++++ GIVEN RECORDS
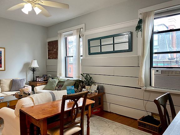 Move-in MAR 15: Unique, sunny, southern exposure, 4th floor apartment with lots of exposed beams and hardwood floors. Kitchen looks out onto a sun drenched living room. Plenty of nooks and crannies in this apartment that is loaded with built-ins and charm! Exposed brick gives this great apartment its final urban touch. Laundry in the basement. Heat, hot water & electricity are included. Sorry, no pets. Lease can be until 8/31/25 or 8/31/26. Photos from a previous tenant. Incoming tenant to pay 1 month broker fee. null
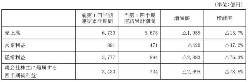 売上高は、前年同期比▲15.7%の5675億円であった。減収額▲1055億円の内訳は、物流事業で▲750億円、航空運送事業で▲255億円と、2事業の減収がダイレクトに影響した。
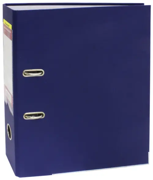 Папка-регистратор, снаружи обтянута прочным ПВХ, изнутри оклеена бумагой. На корешке прозрачный кармашек для сменной этикетки. Металлическая окантовка по нижнему краю. Ширина корешка 75 мм.
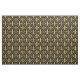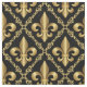 Dieser einzigartige Stoff zeichnet sich durch ein elegantes Muster von goldenen Fleur-de-lis-Symbolen in einem rautenförmigen Gitter von dekorativen Scrollwork aus.
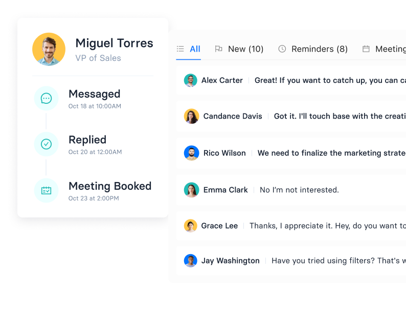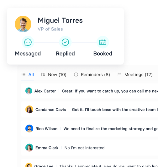 Drive meeting bookings with authentic, impactful conversations curated by AI-Powered .✦ communication insights, integrated into your CRM.
++++++++
- [BRIEF]: The response has to be an exact copy of all the data, pictures excluded.

- [WRITTEN ANSWER]:
 Move-in MAR 15: Unique, sunny, southern exposure, 4th floor apartment with lots of exposed beams and hardwood floors. Kitchen looks out onto a sun drenched living room. Plenty of nooks and crannies in this apartment that is loaded with built-ins and charm! Exposed brick gives this great apartment its final urban touch. Laundry in the basement. Heat, hot water & electricity are included. Sorry, no pets. Lease can be until 8/31/25 or 8/31/26. Photos from a previous tenant. Incoming tenant to pay 1 month broker fee. null
 売上高は、前年同期比▲15.7%の5675億円であった。減収額▲1055億円の内訳は、物流事業で▲750億円、航空運送事業で▲255億円と、2事業の減収がダイレクトに影響した。
 Папка-регистратор, снаружи обтянута прочным ПВХ, изнутри оклеена бумагой. На корешке прозрачный кармашек для сменной этикетки. Металлическая окантовка по нижнему краю. Ширина корешка 75 мм.
 Dieser einzigartige Stoff zeichnet sich durch ein elegantes Muster von goldenen Fleur-de-lis-Symbolen in einem rautenförmigen Gitter von dekorativen Scrollwork aus.
 Drive meeting bookings with authentic, impactful conversations curated by AI-Powered .✦ communication insights, integrated into your CRM.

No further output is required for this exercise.